Return each line exactly, beginning with the one that has "в центре Петербурга" and finishing with the final line of the material. Drop any pictures.
BEGIN Provided data
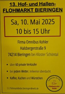 Hof- und Hallenflohmarkt am 10.05.25 in Bieringen Jochen Grübel / 28. April 2025 Es ist wieder soweit, die Flohmarksaison ist eröffnet in Bieringen. Der 13. Hof- und Hallen Flohmarkt findet am 10.05.2025 auf dem Gelände der Firma Omnibus Kohler von 10.00 – 15.00 Uhr statt. Hier ein paar Galeriebilder aus den vergangenen Jahren.
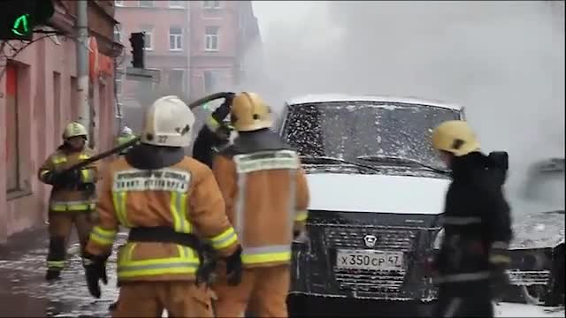 Такси и "Газель" столкнулись и загорелись в центре Петербурга
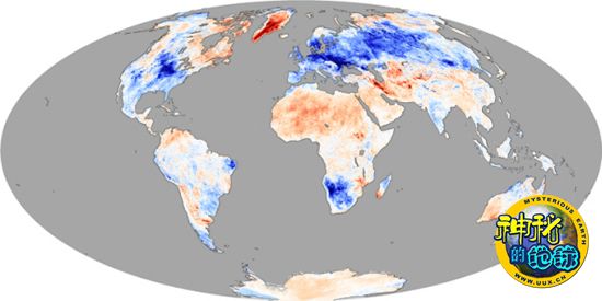 美国宇航局“Terra”卫星上的中分辨率成像光谱仪根据观测数据分别绘制了2009年12月、2010年1月以及2010年2月全球陆地地表温度变化对比图,图片显示了2009-2010冬季北半球陆地地表温度异常情况。在这几幅地图中,对比的目标分别是2009年12月、2010年1月以及2010年2月这三个月的当月平均温度与2000年到2008年共8年间同期平均温度。图中蓝色区域表明当月温度低于2000年到2008年同期平均温度12摄氏度以上;白色区域表明当月温度接近2000年到2008年同期平均温度;而红色区域表明当月温度高于2000年到2008年同期平均温度12摄氏度以上;
END Provided data
Reply to the exercise:
 Такси и "Газель" столкнулись и загорелись в центре Петербурга
 美国宇航局“Terra”卫星上的中分辨率成像光谱仪根据观测数据分别绘制了2009年12月、2010年1月以及2010年2月全球陆地地表温度变化对比图,图片显示了2009-2010冬季北半球陆地地表温度异常情况。在这几幅地图中,对比的目标分别是2009年12月、2010年1月以及2010年2月这三个月的当月平均温度与2000年到2008年共8年间同期平均温度。图中蓝色区域表明当月温度低于2000年到2008年同期平均温度12摄氏度以上;白色区域表明当月温度接近2000年到2008年同期平均温度;而红色区域表明当月温度高于2000年到2008年同期平均温度12摄氏度以上;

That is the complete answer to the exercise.